Interesting papers from AI skeptics
I’ve been engrossed in a few recent academic pre-prints which are skeptical of AI. These are not just from a business / hype-train perspective, but digging deeper into how machine learning research is performed today, and what is being accomplished.
The computations required for deep learning research have been doubling every few months, resulting in an estimated…
A team at the Allen Institute for Artificial Intelligence wrote about ‘Green AI’ as an alternative to computation-heavy, energy-consuming ‘Red AI’. There’s a section on quantifying environmental impact (hence, Green AI), but the article also takes a critical look at a community focused on leaderboards. Chasing a leaderboard position means MegaCorps are piling on data and CPU time, with obvious returns, but these results are inaccessible to average developers, and come at the expense of novel research.
Neural networks winning by overfitting
The leaderboard and metrics problem appears again in these two articles on recommendation systems, and natural language processing (NLP).
Are We Really Making Much Progress? A Worrying Analysis of Recent Neural Recommendation Approaches
Deep learning techniques have become the method of choice for researchers working on algorithmic aspects of recommender…
Discourse-Based Evaluation of Language Understanding
We introduce DiscEval, a compilation of 11 evaluation datasets with a focus on discourse, that can be used for…
The first article points out that several research papers have no code to repeat their results (good reason to look at paperswithcode.com — subscribe to their newsletter!) and this culture makes it difficult to tell if half of papers have advances in machine learning at all.
The second article dissects an emerging trend in natural language processing: moving away from word vectors / word embeddings, to much larger pre-trained models which look at word pairings in multiple directions (I’m not 100% on how this works, but there are a variety of new models from Allen AI, Facebook, Google, etc. using this technique). According to the paper, the latest progress of these models is dependent on data where they’ve trained, and is not significantly better at understanding typical language examples.
Neural networks losing to statistics techniques
This brief comment on Hacker News is a few months old now, but I think of it often. It’s a warning to people like me who try running their data through AutoML platforms. AutoML was bested by feature engineers (but given the same inputs, AutoML did outperform XGBoost).
Erkut Aykutlug and Mark Peng used XGBoost with creative feature engineering whereas AutoML uses both neural network and gradient boosting tree (TFBT) with automatic feature engineering and hyperparameter tuning.
An End-to-End AutoML Solution for Tabular Data at KaggleDays | Hacker News
An End-to-End AutoML Solution for Tabular Data at KaggleDays
| Hacker News An End-to-End AutoML Solution for Tabular Data at KaggleDaysnews.ycombinator.com
Natural Adversarial Examples
(in other words: real-world AI fuck-ups)
Natural Adversarial Examples
We introduce natural adversarial examples -- real-world, unmodified, and naturally occurring examples that cause…
The authors do a great job explaining how they sourced and filtered through many images to create a new sample which defeats all of the best ImageNet classifiers. Examples which seem obvious to the human eye are missed by the neural network, due to unusual backgrounds, lighting, partially obscured features, or image blurs.

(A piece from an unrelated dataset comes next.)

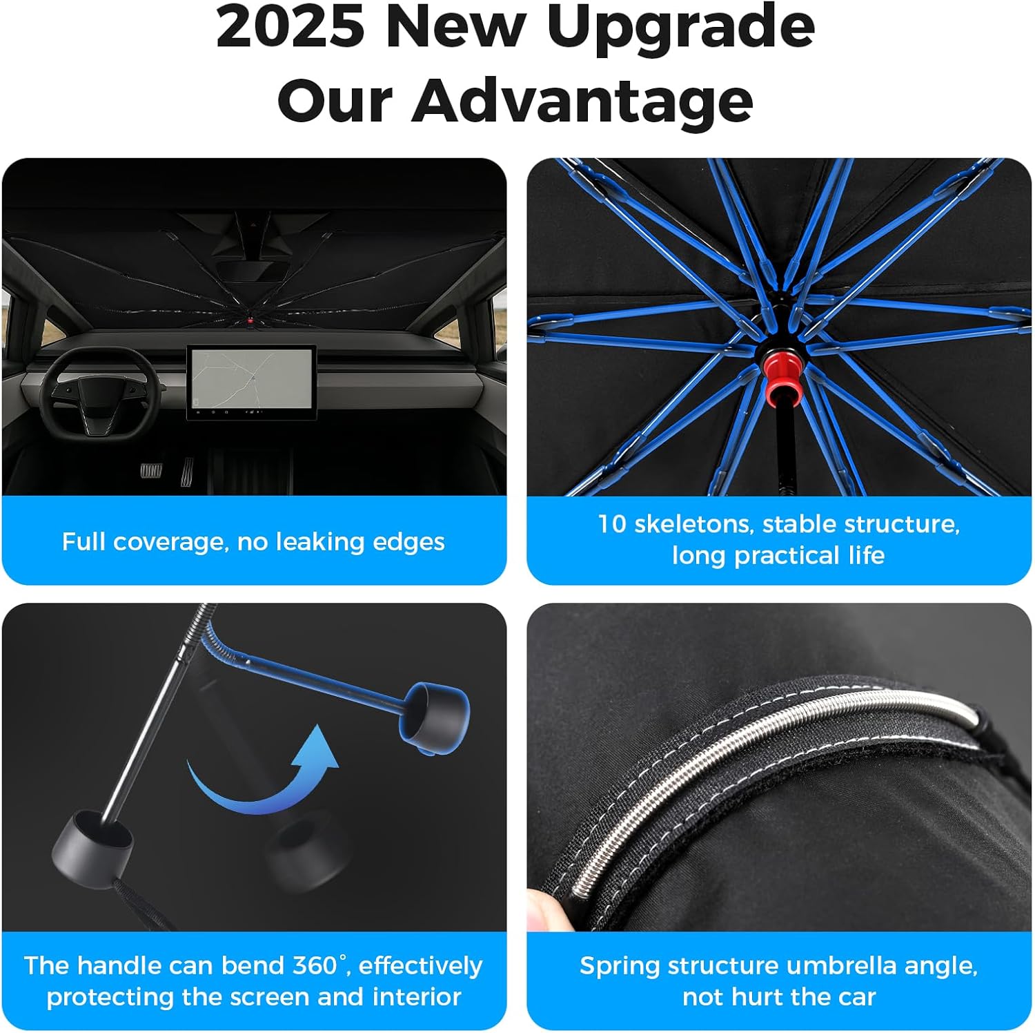 - Easy to Use & Store: Windshields umbrella is similar to an umbrella and is easy to install and store. Specially designed for 2024 2025 Cybertruck, it can be folded in seconds and seamlessly installed in our storage bag, making it easy to store under the car seat or in the door pocket.

- It’s a lucky miracle that AIs can drive cars. I sometimes wonder: how can robots drive but not make pancakes yet? It turns out that cars don’t need to be so picky — they make 3D models of their surroundings and don’t bump into those things. They benefit from wide roadways where everyone has learned since childhood not to get in the way. In a catastrophic situation, if the AI stops the car safely, it did good.
A fully autonomous car would have more problems to solve (reading signs, following directions of a flagger, etc.) but these jobs are made easier by repeatedly viewing the same intersections, or giving the wheel back to a human driver.

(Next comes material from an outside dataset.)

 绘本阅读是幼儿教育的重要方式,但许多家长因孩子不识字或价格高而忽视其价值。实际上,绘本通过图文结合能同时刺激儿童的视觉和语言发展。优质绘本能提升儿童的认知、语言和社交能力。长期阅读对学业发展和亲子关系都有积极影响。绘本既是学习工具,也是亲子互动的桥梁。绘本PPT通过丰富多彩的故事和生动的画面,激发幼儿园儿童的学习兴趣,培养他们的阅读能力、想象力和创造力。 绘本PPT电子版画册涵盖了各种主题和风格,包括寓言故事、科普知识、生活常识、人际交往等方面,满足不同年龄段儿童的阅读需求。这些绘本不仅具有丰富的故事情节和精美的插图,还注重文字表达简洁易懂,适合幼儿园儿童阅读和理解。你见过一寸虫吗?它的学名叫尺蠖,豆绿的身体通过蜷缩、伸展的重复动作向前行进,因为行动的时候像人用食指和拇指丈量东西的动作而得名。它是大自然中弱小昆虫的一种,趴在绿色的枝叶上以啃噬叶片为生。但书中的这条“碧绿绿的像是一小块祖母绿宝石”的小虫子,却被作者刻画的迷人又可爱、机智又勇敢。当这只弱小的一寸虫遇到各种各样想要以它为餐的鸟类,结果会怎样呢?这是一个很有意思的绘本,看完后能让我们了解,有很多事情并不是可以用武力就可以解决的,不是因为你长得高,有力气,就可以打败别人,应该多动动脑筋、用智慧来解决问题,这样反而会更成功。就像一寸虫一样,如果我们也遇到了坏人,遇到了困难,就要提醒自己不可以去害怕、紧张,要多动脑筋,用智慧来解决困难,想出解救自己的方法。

- Leaderboards are an interesting driver in showing us when AI advances a lot, but appear in all of these papers as a negative force. I wonder, is it possible for a leaderboard to be a moving target? Ideas:
- organizers gradually add adversarial examples and new classes
- an additional ‘none of the above’ class
- As someone working on AI/ML as a side project, I don’t know what to do on projects where a MegaCorp already has a team of people doing the work. A good example is map tracing for OpenStreetMap — it would be awesome for me to work on such a project, but there are actual research teams at Facebook making progress on this already. It’s a solid positive for the mapping world — similar to how I felt when data imports, drones, and cars started mapping — but whatever experiments that I tried in this space would be outpaced and out-computed fairly easily.
I appreciated an interesting and encouraging thread on this subject back in January:
4. I really want to bake Explainable AI libraries into all of my projects going forward. I find myself making excuses for their actions anyway, and all of the adversarial examples prove that we don’t understand what neural networks are seeing.